Auburn
Well-known member
BTDT once. Same advice as many...get an attorney who is working for your benefit...but know when to say enough and settle. Otherwise they will keep fighting (and charging $$$$). You don't want to be blindsided in court and lose more than your shirt.One of the best things you can do for the kids is to take care of yourself and no matter how hard it gets, alwaysshow respect for mom. The one thing that kids will remember is how each of you treated each other, etc. Maybe
not so much now because of their ages but as they get older, they will remember.
Wish you the best . . .
:nuetral: :nuetral:
The best thing that happened now 20 years later, is when my son (I adopted her son when he was 3) thanked me for being there when she wasn't.
I never spoke badly of her in front of him.
I went through something similar, my parents divorced when I was 2. I only saw my dad a few times through the years. It wasn't because he didn't wnat to see my brother and I. It was because my mom wouldn't let him. I didn't get to know him until I was in my mid 20's. Once I learned the other side of the story, it has made me feel sorry for my mom. It has strained my relationship with her. On the other hand, my stepdad was the greatest. It is beacuse of him, that I turned out as I did.
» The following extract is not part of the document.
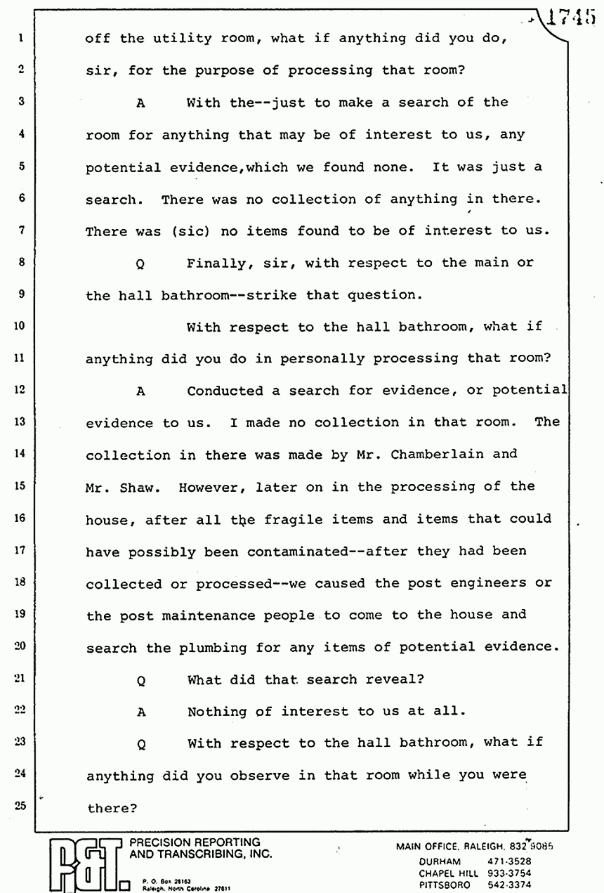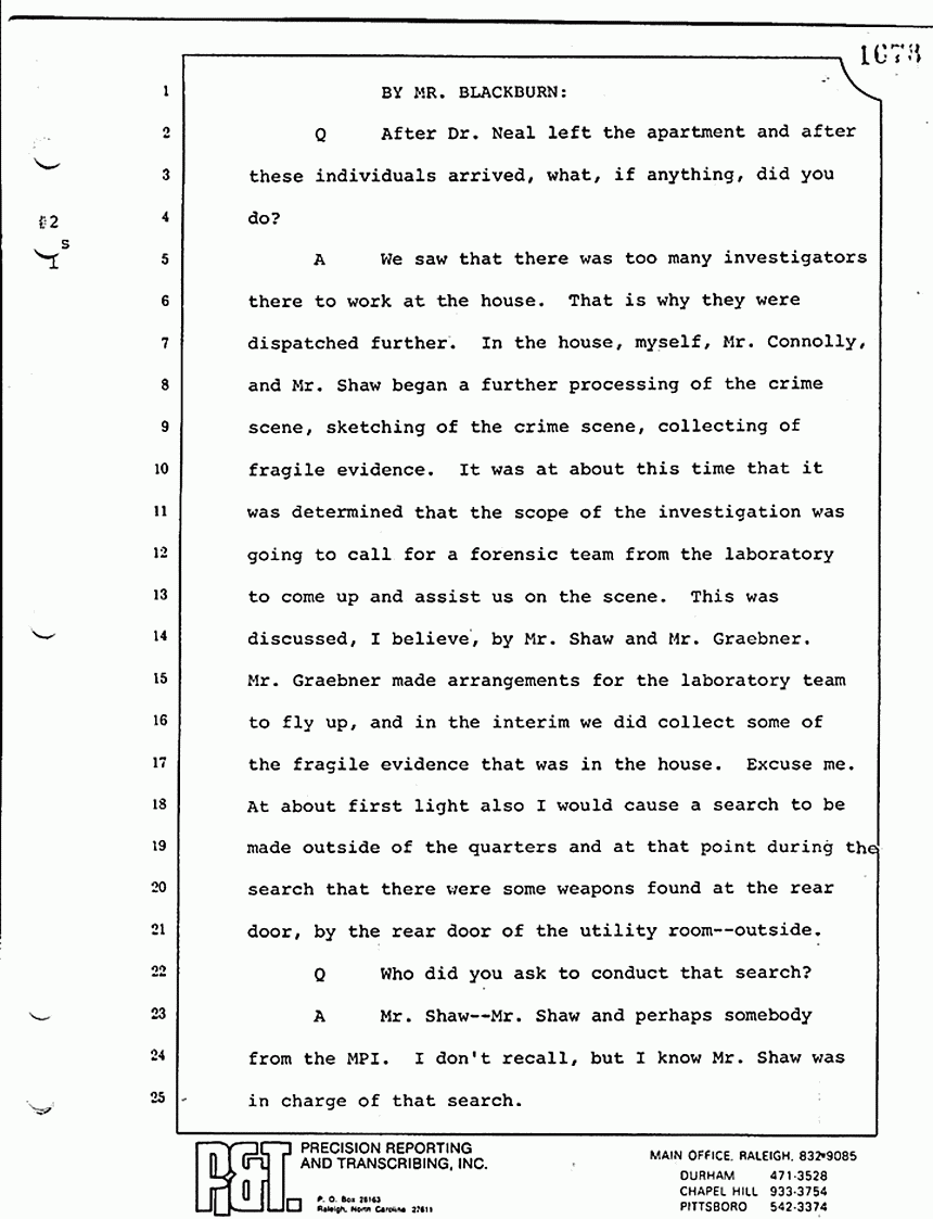 A We saw that there was too many investigators there to work at the house. That is why they were dispatched further. In the house, myself, Mr. Connolly, and Mr. Shaw began a further processing of the crime scene, sketching of the crime scene, collecting of fragile evidence. It was at about this time that it was determined that the scope of the investigation was going to call for a forensic team from the laboratory to come up and assist us on the scene. This was discussed, I believe, by Mr. Shaw and Mr. Grebner. Mr. Grebner made arrangements for the laboratory team to fly up, and in the interim we did collect some of the fragile evidence that was in the house. Excuse me. At about first light also I would cause a search to be made outside of the quarters and at that point during the search that there were some weapons found at the rear door, by the rear door of the utility room -- outside.
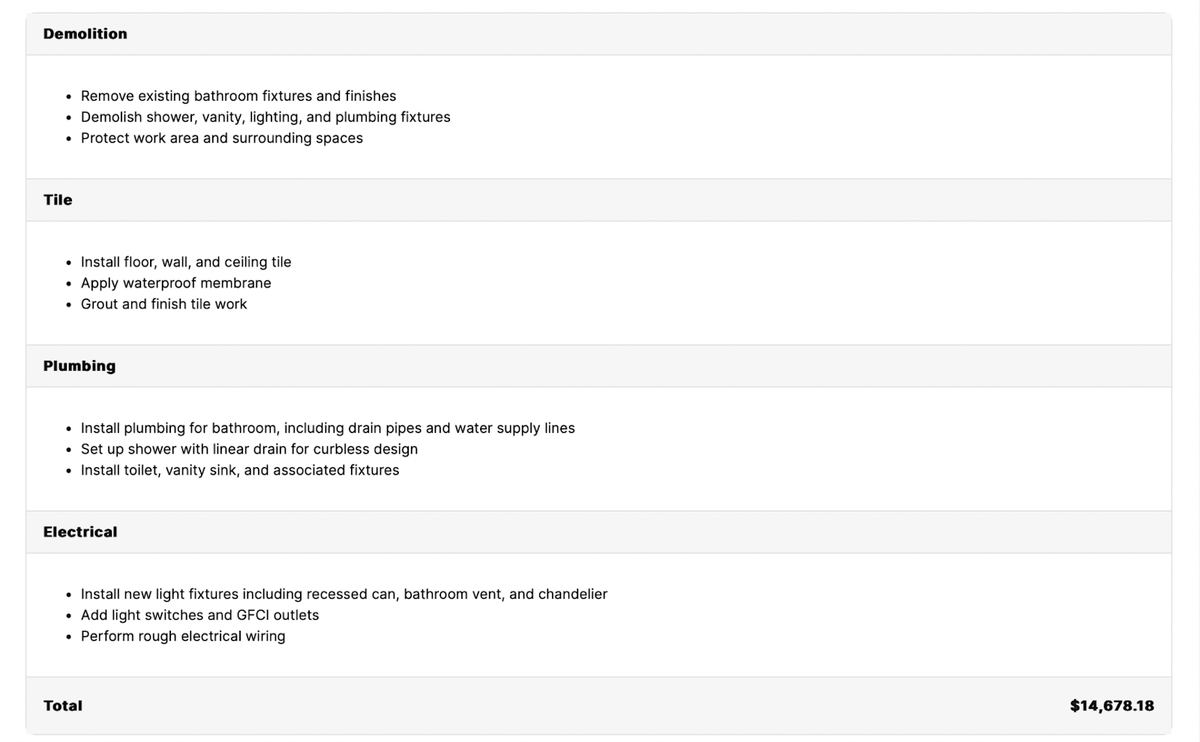 Here’s an example of a bathroom remodel estimate:

He taught me one thing that I made sure to pass on to my son. That was I made sure that if I said I would be there or do thtat with hm, I did. The most satisfying thing was when he thanked me for being there and that he could count on me. I guess she let him down a few times.
One final thought, there will be someone out there for you. Probably when you are not looking at all is when you will find her. My second is the one I wish I had found first, execpt I wouldn't have the son I have if I had. But the experience of being torn apart by the first one made me a better person.
We hear you and feel for you. Good thoughts and prayers going your way.